The Shear Viscosity in Anisotropic Phases
Sachin Jain, Rickmoy Samanta, Sandip P. Trivedi
TL;DR
The paper shows that in holographic models of anisotropic, strongly coupled fluids, certain shear-viscosity components can violate the KSS bound parametrically when anisotropy dominates the temperature. By constructing various translationally invariant anisotropic backgrounds (dilaton/axion profiles and magnetic fields) and analyzing spin-1 metric perturbations, they derive a general horizon-based relation η_{xz}/s = (1/4π) (g_{xx}/g_{zz})|_{u_h}, which ties bound-violating behavior to horizon geometry.
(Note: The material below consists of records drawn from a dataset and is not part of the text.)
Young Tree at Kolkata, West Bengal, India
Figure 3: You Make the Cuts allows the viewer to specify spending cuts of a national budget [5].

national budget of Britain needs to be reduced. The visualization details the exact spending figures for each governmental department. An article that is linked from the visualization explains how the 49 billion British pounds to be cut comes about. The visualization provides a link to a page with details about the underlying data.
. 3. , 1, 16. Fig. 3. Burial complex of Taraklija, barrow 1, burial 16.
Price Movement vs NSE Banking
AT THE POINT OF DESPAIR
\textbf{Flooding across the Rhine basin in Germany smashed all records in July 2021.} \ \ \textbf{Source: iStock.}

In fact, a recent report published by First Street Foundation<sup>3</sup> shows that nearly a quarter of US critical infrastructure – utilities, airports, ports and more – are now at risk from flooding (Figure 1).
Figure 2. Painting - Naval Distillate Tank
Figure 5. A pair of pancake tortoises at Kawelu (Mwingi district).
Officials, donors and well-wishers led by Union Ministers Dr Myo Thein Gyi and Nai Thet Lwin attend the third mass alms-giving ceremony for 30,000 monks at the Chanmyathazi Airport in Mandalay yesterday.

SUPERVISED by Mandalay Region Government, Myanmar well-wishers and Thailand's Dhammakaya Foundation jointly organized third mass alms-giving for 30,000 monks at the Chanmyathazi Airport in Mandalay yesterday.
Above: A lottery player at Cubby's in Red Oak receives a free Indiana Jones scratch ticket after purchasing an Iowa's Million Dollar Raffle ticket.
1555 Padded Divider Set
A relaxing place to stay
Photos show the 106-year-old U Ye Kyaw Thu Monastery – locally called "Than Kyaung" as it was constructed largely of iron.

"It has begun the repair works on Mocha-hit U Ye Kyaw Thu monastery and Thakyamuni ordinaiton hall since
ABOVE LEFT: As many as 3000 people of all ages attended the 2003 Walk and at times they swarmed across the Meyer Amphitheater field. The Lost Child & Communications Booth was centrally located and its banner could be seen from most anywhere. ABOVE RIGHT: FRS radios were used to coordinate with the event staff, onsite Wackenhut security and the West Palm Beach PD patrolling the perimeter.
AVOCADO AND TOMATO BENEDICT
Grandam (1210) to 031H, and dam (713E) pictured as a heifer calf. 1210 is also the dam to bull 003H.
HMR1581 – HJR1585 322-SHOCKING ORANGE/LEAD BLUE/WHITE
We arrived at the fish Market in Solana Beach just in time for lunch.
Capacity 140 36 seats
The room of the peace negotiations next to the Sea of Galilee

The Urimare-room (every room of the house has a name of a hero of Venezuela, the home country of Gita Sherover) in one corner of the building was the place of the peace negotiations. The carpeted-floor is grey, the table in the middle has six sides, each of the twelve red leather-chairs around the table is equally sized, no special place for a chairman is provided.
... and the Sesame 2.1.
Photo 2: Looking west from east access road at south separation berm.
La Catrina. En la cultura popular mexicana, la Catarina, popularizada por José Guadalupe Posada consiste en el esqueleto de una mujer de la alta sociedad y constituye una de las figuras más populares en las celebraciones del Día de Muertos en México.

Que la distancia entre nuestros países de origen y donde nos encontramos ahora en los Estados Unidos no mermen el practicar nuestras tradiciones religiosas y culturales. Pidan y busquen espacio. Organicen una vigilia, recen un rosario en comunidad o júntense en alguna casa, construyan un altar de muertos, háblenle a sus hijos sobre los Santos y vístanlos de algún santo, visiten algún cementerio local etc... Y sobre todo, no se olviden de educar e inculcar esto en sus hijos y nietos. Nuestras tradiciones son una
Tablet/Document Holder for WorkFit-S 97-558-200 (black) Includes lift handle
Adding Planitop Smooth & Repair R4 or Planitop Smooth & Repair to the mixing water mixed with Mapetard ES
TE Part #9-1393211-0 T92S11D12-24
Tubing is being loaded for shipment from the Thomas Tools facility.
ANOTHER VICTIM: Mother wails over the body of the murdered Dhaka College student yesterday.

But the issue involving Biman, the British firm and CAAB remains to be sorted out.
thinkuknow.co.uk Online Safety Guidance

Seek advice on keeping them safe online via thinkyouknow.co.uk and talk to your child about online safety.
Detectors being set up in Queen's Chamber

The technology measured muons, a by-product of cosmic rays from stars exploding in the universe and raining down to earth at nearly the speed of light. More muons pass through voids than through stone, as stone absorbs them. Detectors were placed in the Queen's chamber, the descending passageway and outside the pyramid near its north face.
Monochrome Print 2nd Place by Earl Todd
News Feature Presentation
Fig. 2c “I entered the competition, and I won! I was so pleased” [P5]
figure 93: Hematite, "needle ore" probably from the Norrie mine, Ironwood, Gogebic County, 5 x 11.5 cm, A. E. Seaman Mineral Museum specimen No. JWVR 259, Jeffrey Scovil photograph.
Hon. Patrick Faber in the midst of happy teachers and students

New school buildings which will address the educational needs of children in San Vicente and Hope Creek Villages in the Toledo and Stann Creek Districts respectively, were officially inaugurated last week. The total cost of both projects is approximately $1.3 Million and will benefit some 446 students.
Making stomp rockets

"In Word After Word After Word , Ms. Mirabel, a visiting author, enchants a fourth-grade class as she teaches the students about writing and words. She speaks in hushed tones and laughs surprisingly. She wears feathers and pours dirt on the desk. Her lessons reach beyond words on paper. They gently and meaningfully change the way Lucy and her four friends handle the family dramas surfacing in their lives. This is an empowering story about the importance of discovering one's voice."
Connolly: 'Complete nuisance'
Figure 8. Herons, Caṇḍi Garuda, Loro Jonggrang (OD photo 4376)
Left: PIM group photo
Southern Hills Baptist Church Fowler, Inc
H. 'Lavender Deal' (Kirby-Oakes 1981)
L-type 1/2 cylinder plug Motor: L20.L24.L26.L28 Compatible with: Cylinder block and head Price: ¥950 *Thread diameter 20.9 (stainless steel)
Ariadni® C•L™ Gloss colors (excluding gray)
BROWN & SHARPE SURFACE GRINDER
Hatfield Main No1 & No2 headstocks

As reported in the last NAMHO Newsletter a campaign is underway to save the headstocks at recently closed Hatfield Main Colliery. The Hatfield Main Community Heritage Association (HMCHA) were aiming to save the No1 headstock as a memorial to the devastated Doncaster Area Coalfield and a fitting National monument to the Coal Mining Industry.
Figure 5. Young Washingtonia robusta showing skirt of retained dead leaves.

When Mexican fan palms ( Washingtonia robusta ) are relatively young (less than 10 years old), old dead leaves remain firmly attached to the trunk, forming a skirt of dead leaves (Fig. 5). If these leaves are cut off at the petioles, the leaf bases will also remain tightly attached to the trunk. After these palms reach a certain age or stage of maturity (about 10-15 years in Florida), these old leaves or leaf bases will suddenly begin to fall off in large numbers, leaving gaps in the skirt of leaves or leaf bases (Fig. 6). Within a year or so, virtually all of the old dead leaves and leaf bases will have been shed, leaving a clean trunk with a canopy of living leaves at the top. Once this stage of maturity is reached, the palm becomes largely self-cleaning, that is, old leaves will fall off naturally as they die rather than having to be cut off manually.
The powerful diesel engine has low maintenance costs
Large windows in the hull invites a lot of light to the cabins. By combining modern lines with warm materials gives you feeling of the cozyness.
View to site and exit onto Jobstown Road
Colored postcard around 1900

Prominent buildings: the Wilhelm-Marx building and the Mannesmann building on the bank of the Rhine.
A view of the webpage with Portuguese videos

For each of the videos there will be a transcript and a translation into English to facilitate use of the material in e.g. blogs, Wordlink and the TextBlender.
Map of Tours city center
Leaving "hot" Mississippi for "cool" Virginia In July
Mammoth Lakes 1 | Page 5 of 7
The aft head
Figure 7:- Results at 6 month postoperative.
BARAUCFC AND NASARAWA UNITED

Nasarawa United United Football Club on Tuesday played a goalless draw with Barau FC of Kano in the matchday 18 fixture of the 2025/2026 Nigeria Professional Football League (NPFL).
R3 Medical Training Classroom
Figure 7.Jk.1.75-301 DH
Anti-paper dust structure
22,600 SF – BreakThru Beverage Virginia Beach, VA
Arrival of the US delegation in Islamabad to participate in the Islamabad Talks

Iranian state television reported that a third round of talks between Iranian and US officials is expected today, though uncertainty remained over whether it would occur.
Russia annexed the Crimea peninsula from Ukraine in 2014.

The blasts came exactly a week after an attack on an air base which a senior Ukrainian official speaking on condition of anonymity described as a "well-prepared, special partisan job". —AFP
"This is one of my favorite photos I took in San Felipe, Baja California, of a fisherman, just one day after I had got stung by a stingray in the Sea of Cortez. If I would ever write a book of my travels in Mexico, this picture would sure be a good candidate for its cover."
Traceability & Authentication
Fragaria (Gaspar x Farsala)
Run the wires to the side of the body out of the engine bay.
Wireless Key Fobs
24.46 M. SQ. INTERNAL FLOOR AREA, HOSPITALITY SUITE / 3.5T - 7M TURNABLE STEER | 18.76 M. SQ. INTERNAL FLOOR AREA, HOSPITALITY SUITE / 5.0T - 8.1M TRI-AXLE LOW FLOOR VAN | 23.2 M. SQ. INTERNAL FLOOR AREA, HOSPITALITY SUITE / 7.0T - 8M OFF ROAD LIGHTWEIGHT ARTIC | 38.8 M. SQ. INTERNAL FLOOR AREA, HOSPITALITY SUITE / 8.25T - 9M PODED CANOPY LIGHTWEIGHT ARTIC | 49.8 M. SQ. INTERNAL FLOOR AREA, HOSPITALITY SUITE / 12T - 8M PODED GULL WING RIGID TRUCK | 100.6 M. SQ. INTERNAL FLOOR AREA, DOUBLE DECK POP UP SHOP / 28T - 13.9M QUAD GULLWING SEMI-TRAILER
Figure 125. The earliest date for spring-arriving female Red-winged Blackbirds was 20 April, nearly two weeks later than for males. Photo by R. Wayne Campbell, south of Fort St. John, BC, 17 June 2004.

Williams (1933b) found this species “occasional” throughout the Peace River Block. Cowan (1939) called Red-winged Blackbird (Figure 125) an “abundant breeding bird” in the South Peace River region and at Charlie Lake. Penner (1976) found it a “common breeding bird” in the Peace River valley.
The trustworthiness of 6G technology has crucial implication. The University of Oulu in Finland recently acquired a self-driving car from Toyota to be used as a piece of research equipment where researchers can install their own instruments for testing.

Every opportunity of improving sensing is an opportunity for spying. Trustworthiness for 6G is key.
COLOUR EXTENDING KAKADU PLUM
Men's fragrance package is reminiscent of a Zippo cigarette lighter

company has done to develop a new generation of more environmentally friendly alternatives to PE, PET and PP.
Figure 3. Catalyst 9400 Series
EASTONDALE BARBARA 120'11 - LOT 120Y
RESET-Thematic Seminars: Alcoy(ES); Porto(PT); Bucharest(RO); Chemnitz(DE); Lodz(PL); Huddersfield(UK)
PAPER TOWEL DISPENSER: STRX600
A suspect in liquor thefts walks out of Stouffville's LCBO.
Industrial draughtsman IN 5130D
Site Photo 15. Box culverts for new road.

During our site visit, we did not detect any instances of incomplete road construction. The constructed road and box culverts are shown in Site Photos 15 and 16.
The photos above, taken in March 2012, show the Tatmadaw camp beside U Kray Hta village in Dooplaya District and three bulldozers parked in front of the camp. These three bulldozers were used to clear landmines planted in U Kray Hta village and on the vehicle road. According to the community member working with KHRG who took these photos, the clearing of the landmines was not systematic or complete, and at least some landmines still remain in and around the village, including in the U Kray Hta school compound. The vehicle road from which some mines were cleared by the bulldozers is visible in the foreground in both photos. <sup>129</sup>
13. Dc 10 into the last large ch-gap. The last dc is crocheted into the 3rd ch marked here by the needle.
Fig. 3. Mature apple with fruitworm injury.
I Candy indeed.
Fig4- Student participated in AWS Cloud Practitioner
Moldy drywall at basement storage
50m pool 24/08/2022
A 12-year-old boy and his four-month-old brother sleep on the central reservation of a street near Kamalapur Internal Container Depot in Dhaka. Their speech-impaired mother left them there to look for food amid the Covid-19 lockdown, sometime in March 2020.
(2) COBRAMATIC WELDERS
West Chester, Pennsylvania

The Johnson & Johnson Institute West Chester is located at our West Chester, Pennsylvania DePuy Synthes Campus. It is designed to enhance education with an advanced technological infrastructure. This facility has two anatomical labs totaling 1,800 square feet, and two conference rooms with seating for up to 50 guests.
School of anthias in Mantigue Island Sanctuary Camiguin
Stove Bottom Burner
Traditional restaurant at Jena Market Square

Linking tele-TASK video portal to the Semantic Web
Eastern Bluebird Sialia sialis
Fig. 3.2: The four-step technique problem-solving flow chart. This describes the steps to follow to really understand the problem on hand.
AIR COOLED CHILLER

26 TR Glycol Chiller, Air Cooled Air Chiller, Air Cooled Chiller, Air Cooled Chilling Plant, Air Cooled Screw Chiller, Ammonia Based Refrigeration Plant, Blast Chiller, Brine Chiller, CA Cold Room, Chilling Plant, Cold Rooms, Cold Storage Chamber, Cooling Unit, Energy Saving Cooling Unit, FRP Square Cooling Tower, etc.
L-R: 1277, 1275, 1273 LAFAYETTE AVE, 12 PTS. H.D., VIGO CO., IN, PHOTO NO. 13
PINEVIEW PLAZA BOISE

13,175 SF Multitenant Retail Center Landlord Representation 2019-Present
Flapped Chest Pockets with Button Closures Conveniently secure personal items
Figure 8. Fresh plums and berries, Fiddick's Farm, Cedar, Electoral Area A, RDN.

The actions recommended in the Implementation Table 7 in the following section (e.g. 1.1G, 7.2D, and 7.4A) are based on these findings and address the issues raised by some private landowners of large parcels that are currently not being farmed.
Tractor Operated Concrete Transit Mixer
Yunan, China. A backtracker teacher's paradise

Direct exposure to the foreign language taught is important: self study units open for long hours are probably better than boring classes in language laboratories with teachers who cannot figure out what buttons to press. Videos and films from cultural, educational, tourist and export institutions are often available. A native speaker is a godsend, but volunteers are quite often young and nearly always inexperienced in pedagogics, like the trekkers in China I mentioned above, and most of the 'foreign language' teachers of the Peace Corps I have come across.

A unifying mechanism is provided via Kaluza-Klein reduction, linking the viscosity problem to horizon conductivities of emergent gauge fields, and this framework generalizes to higher-dimensional reductions. The results suggest that similar small-viscosity components could arise in real-world strongly coupled anisotropic fluids, with implications for QCD, neutron stars, and cold-atom experiments.
Abstract
We construct anisotropic black brane solutions and analyse the behaviour of some of their metric perturbations. These solutions correspond to field theory duals in which rotational symmetry is broken due an externally applied, spatially constant, force. We find, in several examples, that when the anisotropy is sufficiently big compared to the temperature, some components of the viscosity tensor can become very small in units of the entropy density, parametrically violating the KSS bound. We obtain an expression relating these components of the viscosity, in units of the entropy density, to a ratio of metric components at the horizon of the black brane. This relation is generally valid, as long as the forcing function is translationally invariant, and it directly connects the parametric violation of the bound to the anisotropy in the metric at the horizon. Our results suggest the possibility that such small components of the viscosity tensor might also arise in anisotropic strongly coupled fluids found in nature.